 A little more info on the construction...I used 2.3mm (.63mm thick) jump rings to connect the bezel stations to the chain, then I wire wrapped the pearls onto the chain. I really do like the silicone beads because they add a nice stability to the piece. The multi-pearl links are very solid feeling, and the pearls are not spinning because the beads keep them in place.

---

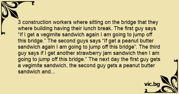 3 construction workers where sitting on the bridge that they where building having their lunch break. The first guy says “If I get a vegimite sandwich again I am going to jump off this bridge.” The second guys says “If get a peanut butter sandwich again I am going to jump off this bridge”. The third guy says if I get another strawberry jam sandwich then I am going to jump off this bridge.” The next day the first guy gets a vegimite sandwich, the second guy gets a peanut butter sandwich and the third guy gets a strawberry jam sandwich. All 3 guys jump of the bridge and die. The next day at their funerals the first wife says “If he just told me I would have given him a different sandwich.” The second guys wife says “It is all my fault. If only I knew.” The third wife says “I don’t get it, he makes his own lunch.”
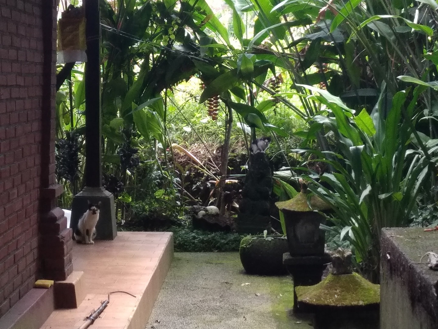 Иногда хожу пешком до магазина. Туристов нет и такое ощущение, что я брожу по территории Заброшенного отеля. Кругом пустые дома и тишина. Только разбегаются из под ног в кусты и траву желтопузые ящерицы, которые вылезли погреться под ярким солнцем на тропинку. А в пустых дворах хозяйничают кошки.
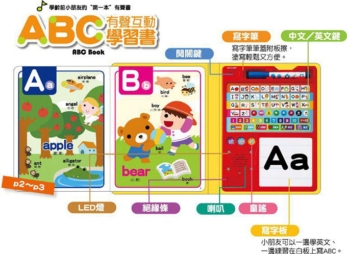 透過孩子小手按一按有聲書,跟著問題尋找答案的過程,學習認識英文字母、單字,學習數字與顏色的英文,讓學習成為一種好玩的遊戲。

### Your objective:
With the pictures omitted, print the lines above exactly, beginning at the line with "Иногда хожу пешком" and going on through the line with "透過孩子小手按一按有聲書,跟".

### Final answer:
 Иногда хожу пешком до магазина. Туристов нет и такое ощущение, что я брожу по территории Заброшенного отеля. Кругом пустые дома и тишина. Только разбегаются из под ног в кусты и траву желтопузые ящерицы, которые вылезли погреться под ярким солнцем на тропинку. А в пустых дворах хозяйничают кошки.
 透過孩子小手按一按有聲書,跟著問題尋找答案的過程,學習認識英文字母、單字,學習數字與顏色的英文,讓學習成為一種好玩的遊戲。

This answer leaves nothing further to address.